# [EN] Where Is My Bit
###### tags: `Writeup` `Crypto` `English`
> [name=Curious]
## Train Of Thought & Solution
> This Writeup will directly reference the symbols in these two links
> - How To Crack MT19937 : [Link](https://jazzy.id.au/2010/09/22/cracking_random_number_generators_part_3.html)
> - Python Impletement : [Link](https://github.com/Curious-Lucifer/CTFLib/blob/master/Crypto/PRNG.py#L21)
Upon analyzing `server.py`, we can find that we need to predict `random.randrange(0x80000000, 0xFFFFFFFF)`. By examining the code for `random.randrange`, we can determine that it eventually calls `random.getrandbits(31)`. Therefore, the main objective of this problem is to predict `random.getrandbits(31)`.
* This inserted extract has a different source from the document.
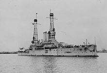 Alabama's next significant action was the cruise of the Great White Fleet around the world, which started with a naval review for President Theodore Roosevelt in Hampton Roads.[2] The cruise of the Great White Fleet was conceived as a way to demonstrate American military power, particularly to Japan. Tensions had begun to rise between the United States and Japan after the latter's victory in the Russo-Japanese War in 1905, particularly over racist opposition to Japanese immigration to the United States. The press in both countries began to call for war, and Roosevelt hoped to use the demonstration of naval might to deter Japanese aggression.[4]

If we further examine the [code](https://github.com/python/cpython/blob/ce558e69d4087dd3653207de78345fbb8a2c7835/Modules/_randommodule.c#L487) for `random.getrandbits`, we can observe that `random.getrandbits(31)` first generates a 32 bit pseudo-random number using MT19937, and then removes the last bit.
Firstly, since we only lack knowledge about the last bit of the random number, and the last bit can either be 1 or 0, we can make an initial assumption that the last bit is 0. Next, we need to convert the random number into a state number using the `rand_to_state` transformation.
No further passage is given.